The same thing happening to me then had begun to happen to me in college. The world was out there, full of unlimited potential, and it had terrified me. People had liked me, found me funny, wanted me to be around. A professor even singled me out of the entire lecture hall and invited me to come work in his lab, as I mentioned above. Even when I hadn’t tried to do well, even when I tried to hide my light under a bushel, something like luck had always seemed to find me. And yet if I kept on doing that… who would any of that be for? I’d sworn to myself to never have a wife or children. So would it all be for me? Some weird guy with a giant head that looks like Shrek and spends all day distracted by weird thoughts? No. Absolutely not. I wasn’t a person that things could be done for.
I’d never been able to find a way past that problem and I had been running from it almost all of my life.
“Maybe you should try figuring that out,” Julie said.

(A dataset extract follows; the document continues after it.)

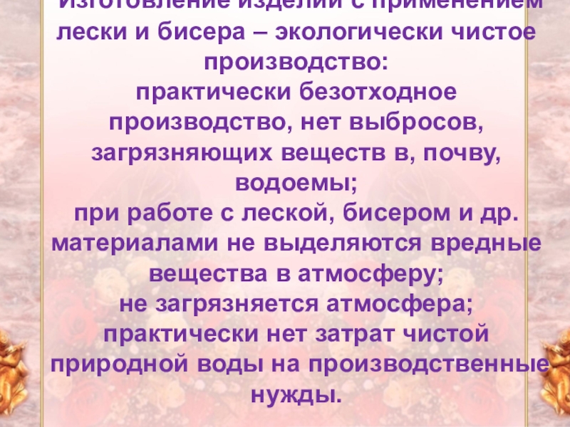 при работе с леской, бисером и др. материалами не выделяются вредные вещества в атмосферу;
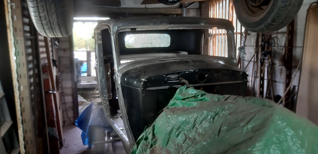 Big steps are starting to happen, Body is now bolted to the frame, Splash Aprons are on ready for the running boards, Doors and Trunk lid hung but some minor adjustments are required.

I found that thought incredibly discomforting. The truth is that I had almost been relieved when my mother had called me, reading the letter from the bank with the date she was finally going to lose her home. It had been almost a comfort to feel that more familiar sort of stress. Her drama would keep me perfectly safe from having to do what I thought was right, or pursuing something that I cared about. In allowing her to rule over my life, I would be spared the terror of existing.
“So what do I do if someone needs my help?”
Julie shrugged, and asked another question which I had never considered.
“What would they have done if you weren’t there?”
Another deft move on the chessboard, against which I had no strategy.